= Mike Jacoby =

American snowboarder (born 1969)

Mike Jacoby (born May 1969) is an American snowboarder who competed in the 1998 Nagano Winter Olympics.

== Early life ==
Jacoby was born in Bellevue, Washington, but grew up in Idaho Falls, Idaho. He pursued alpine and cross-country skiing until he was 14, when he built his first snowboard and began snowboarding.

== Snowboarding career ==
Jacoby's first event was the 1986 swatch world championships in Breckenridge Co. In the Junior 16 and under category he placed 7th in slalom, 8th in giant slalom, and 5th in Half pipe.

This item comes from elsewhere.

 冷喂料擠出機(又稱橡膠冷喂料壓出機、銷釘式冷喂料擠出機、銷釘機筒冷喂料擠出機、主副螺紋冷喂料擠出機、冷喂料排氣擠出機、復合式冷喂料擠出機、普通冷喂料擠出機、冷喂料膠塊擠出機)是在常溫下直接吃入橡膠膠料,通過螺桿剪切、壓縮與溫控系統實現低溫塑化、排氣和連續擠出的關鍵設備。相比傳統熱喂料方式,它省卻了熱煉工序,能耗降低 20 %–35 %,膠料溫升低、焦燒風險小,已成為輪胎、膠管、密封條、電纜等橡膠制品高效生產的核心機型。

1987 Swatch World championship
Mens am auteur
Slalom 1st
Giant slalom 1st
Halfpipe 14th
This was the first event the J-tear was done in an event.

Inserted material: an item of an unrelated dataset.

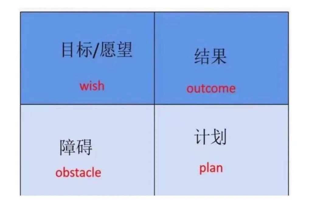 WOOP思维模型是由加布里埃尔·厄廷根教授所提出的一种心理学模型,厄廷根教授将“心理对比”和“执行意图”结合起来形成了帮助目标实现的WOOP思维模型。WOOP思维模型由英文单词Wish、Outcome、Obstacle、Plan四大步骤组成:即明确目标、想象结果、思考障碍、制定计划。

The first World Cup tour was 1988

He was the 1991 Overall World Champion (ISF tour) and 1992 Overall World Super-G Champion (ISF tour).

Jacoby won the gold medal in both the 1995 and 1996 World Cup giant slalom. He placed second in the 1996 FIS Snowboarding World Championships giant slalom, and in the 1997 Snowboarding World Championships placed first in the parallel slalom and second in the giant slalom. He placed 17th in the 1998 Winter Olympics.

In 2010 Jacoby was injured while mountain biking, and received a severe head injury.

Sailed singlehanded the Pacific loop.